Pepsico Inc., the nation's second-largest soft drink maker, yesterday reported earnings rose 15 percent in the third quarter to $69.1 million, or 74 cents per share, from $60.2 million, or 66 cents, in the same period last year.
Sales rose 17 percent to $1.1 billion from $938 million in the quarter ended Sept. 9, Pepsico Chairman Donald M. Kendall said.
"The revenue increase in the quarter was paced by substantial gains in the soft drink and snack foods businesses, which represent roughly two-thirds of Pepsico's revenues and three-fourths of its profits," Kendall said.
Besides Pepsi Cola, Pepsico markets Frito-Lay snack products and operates Pizza Hut restaurants.
For the first three quartersif the fiscal year, Pepsico said earnings rose to $166.0 million, or $1.79 a share, from $144.1 million, or $1.57 a share, during the previous year.
Whirlpool Corp. reported yesterday earnings for the third quarter of this year fell by 27 percent on a decline in revenues of 3.2 percent.
Profits for the appliance maker were $22.8 million or 63 cents per share against $31.2 million or 86 cents per share in the three months ended Sept. 30, 1977.
Revenues, including the company's share in profits of affiliates, fell from $560 million to $542 million.
For the first three quarters of the year, profits were down 1.5 percent from $83.7 million or $2.32 per share to $82.5 million or $2.28 per share. Revenues rose 9.2 percent from $1.52 billion to $1.66 billion.
Chairman John Platts said third-quarter sales were flat for the industry as a whole.
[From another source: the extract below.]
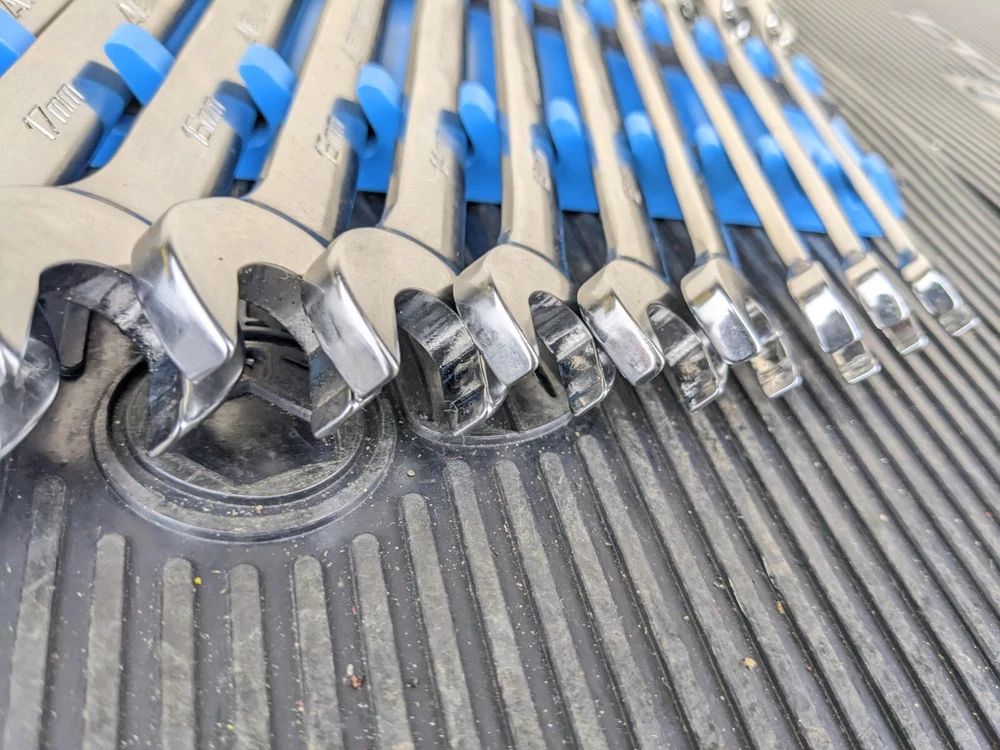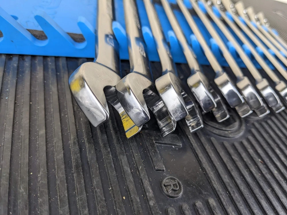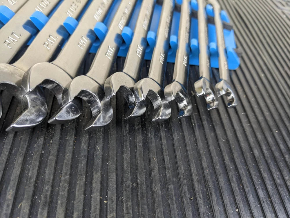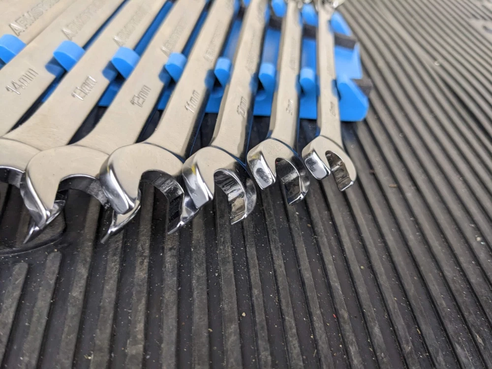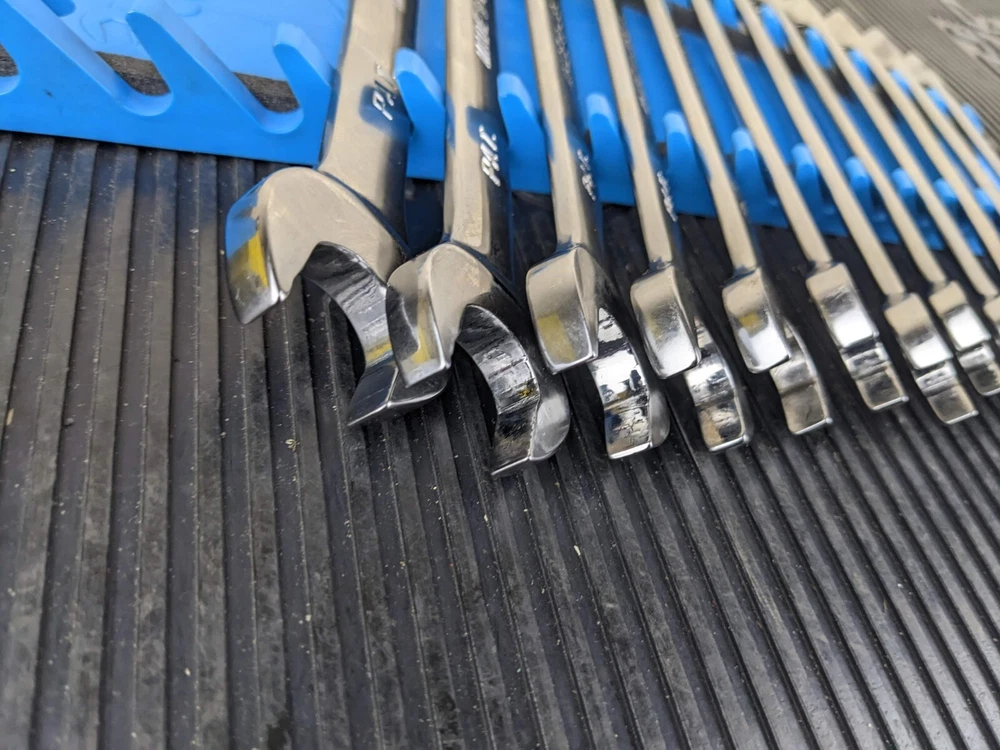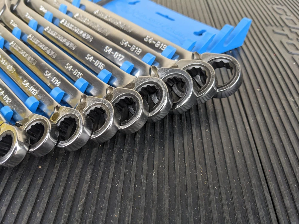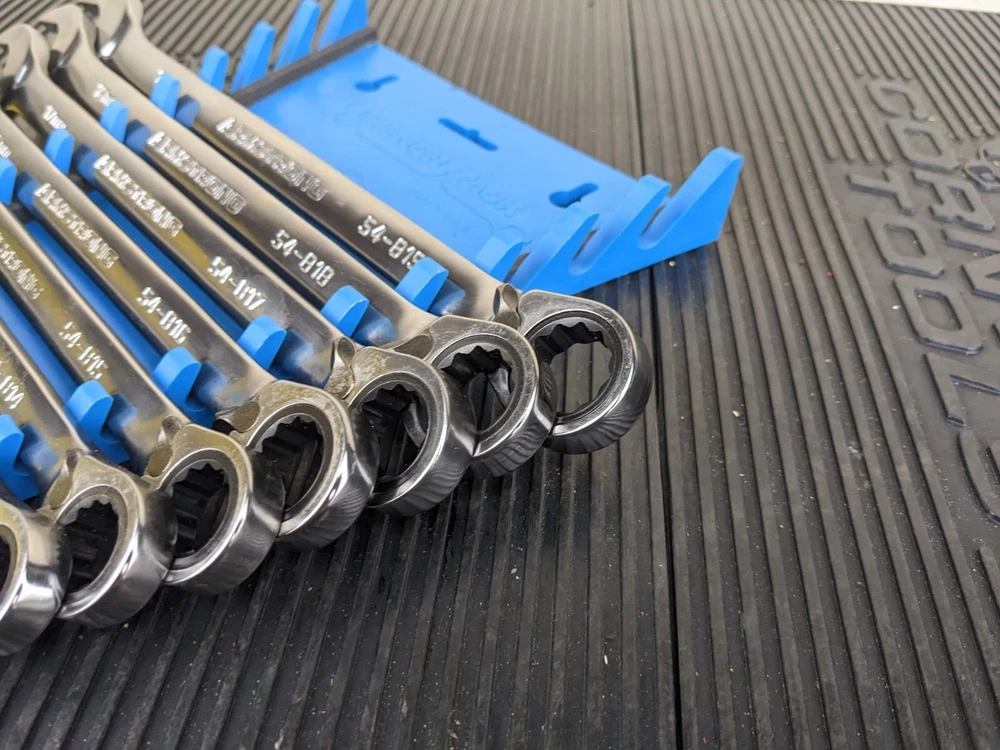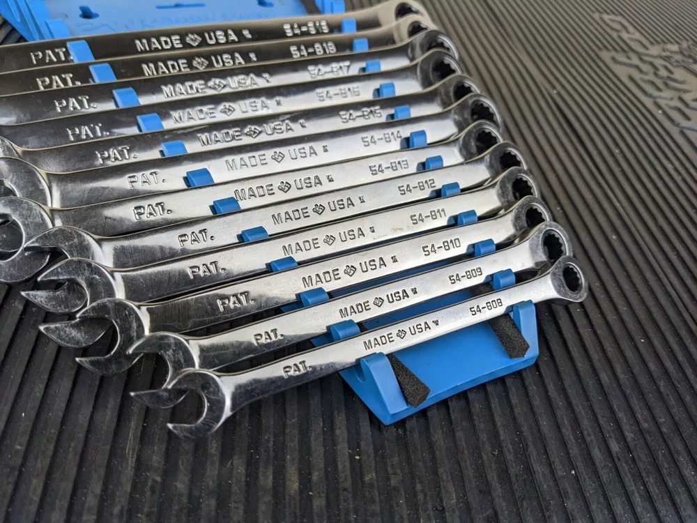 Armstrong Tools USA 12pc Metric Ratcheting Combination Wrench Set 8-19mm Blue wrench rack not included. All ratchet well

He said he expected results for the full year to be "fairly comparable" to those for 1977 even though the company might operate below year-earlier levels for the rest of the year.
Salomon Brothers reported general and limited partners' income of $26.5 million before partners' taxes for the fiscal year ended Sept. 30, compared with $55.2 million in 1977.
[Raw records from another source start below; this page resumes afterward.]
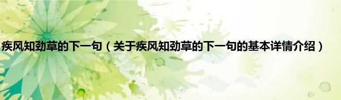 本文关于疾风知劲草的下一句的基本详情介绍就讲解完毕,希望对大家有所帮助。
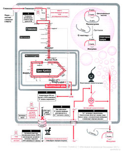 Секреция инсулина, возникающая под действием глюкозы, носит двухфазный характер. Первая фаза достигает максимума через I —2 мин и длится недолго, вторая начинается не сразу, но продолжается длительное время. Механизм, посредством которого глюкоза вызывает секрецию инсулина, до конца не изучен. Первым делом глюкоза должна попасть внутрь β-клеток и метаболизироваться (Matschinsky, 1996).
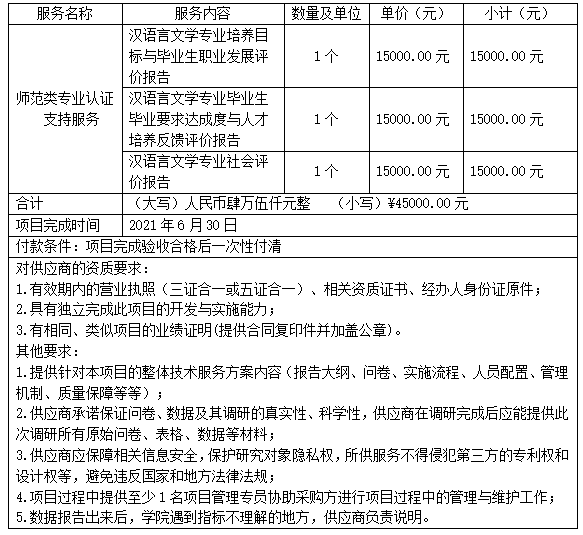 主要成交标的的名称、规格型号、数量、单价、服务要求:
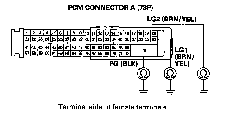 11. Check for continuity between PCM connector terminals A39 and body ground, between A40 and body ground, and between A73 and body ground.
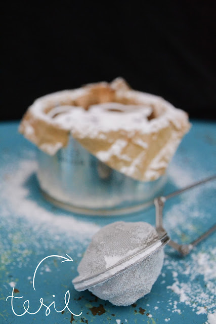 När man tagit ut kakan och den svalnat så kan man pudra florsocker över med exempelvis en tesil.
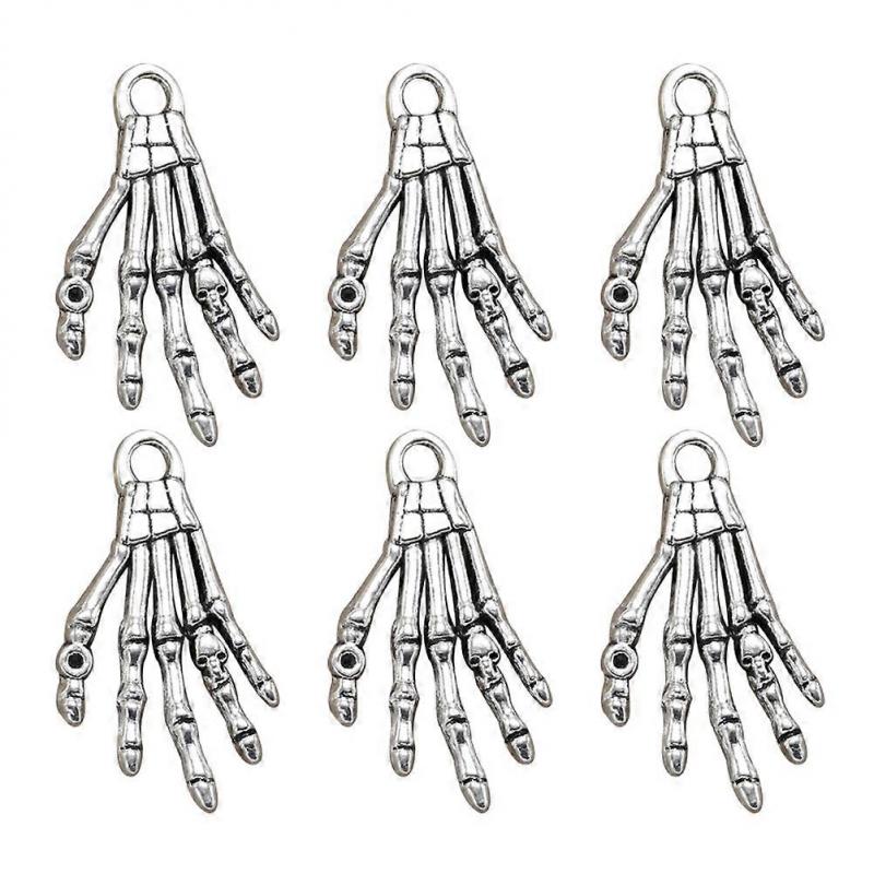 Alloy Pendant Charm Necklace Charms For Jewelry Making Skeleton Hand Shape Antique Silver 10Pcs
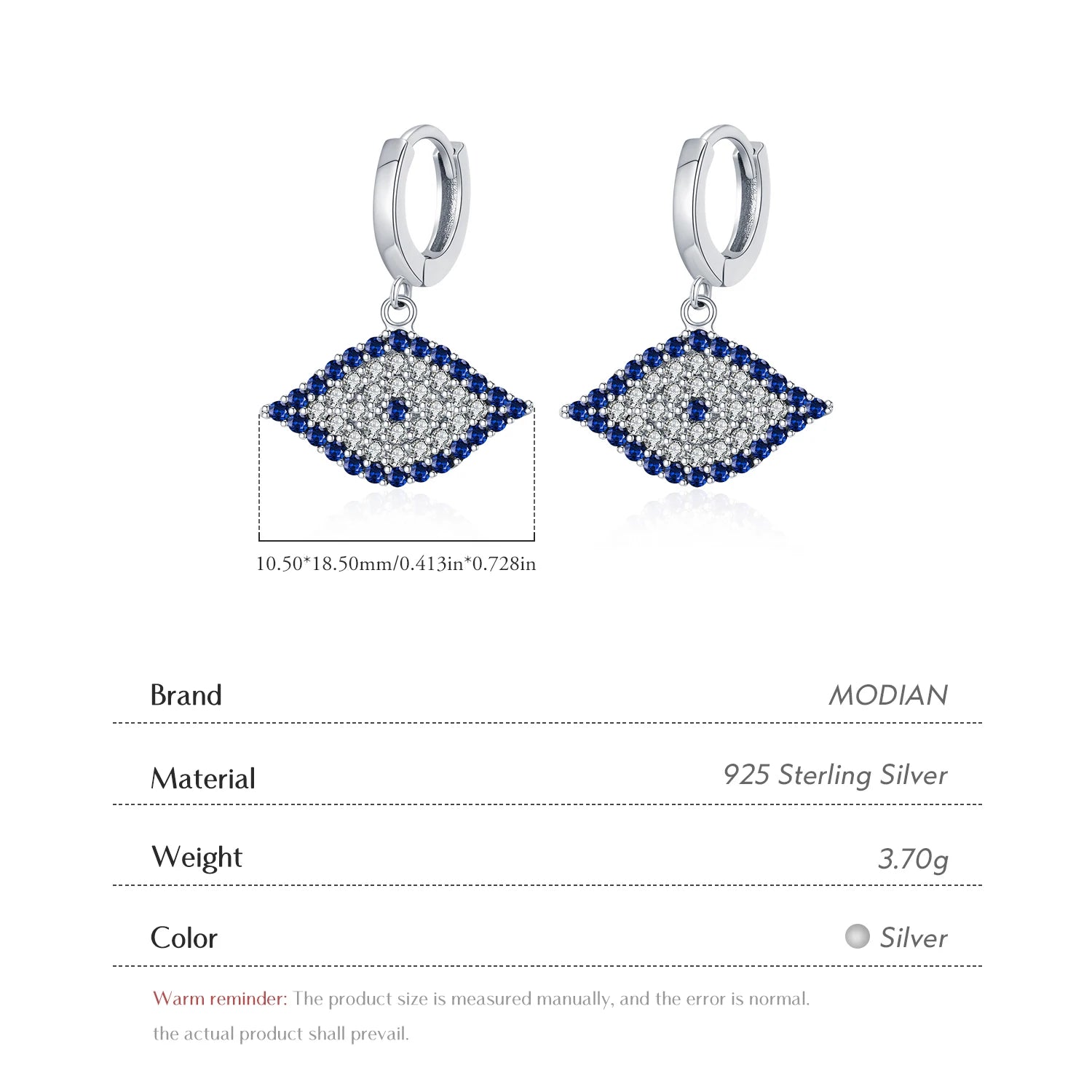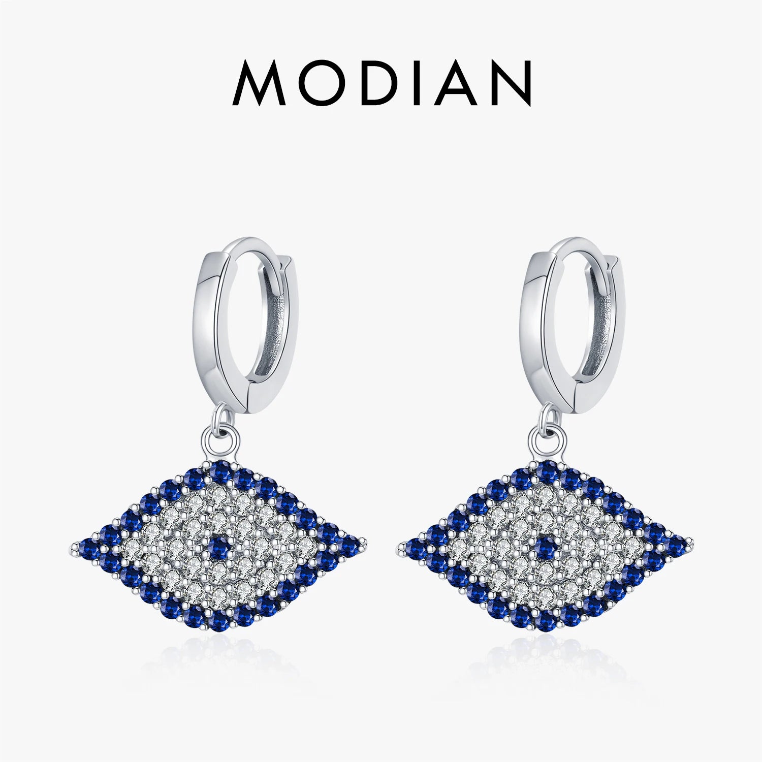 Pendientes de aro MODIAN de plata de ley 925 con circonitas azules de lujo, joyería fina y brillante para mujer, con hebilla para la oreja.

At Sept. 30 Salomon Brothers' net worth increased to a new high of $208.7 million from $191.7 million at the close of fiscal 1977. It was noted that the 1978 net worth includes $58.1 million in subordinated notes held by banks and insurance companies.
The decline in profitability was attributed to a number of factors, including sharply higher interest rates to finance the firm's substantial inventory of securities, generally higher costs due to inflation and increased expenses resulting from the expansion of the firm's activities, both domestically and internationally.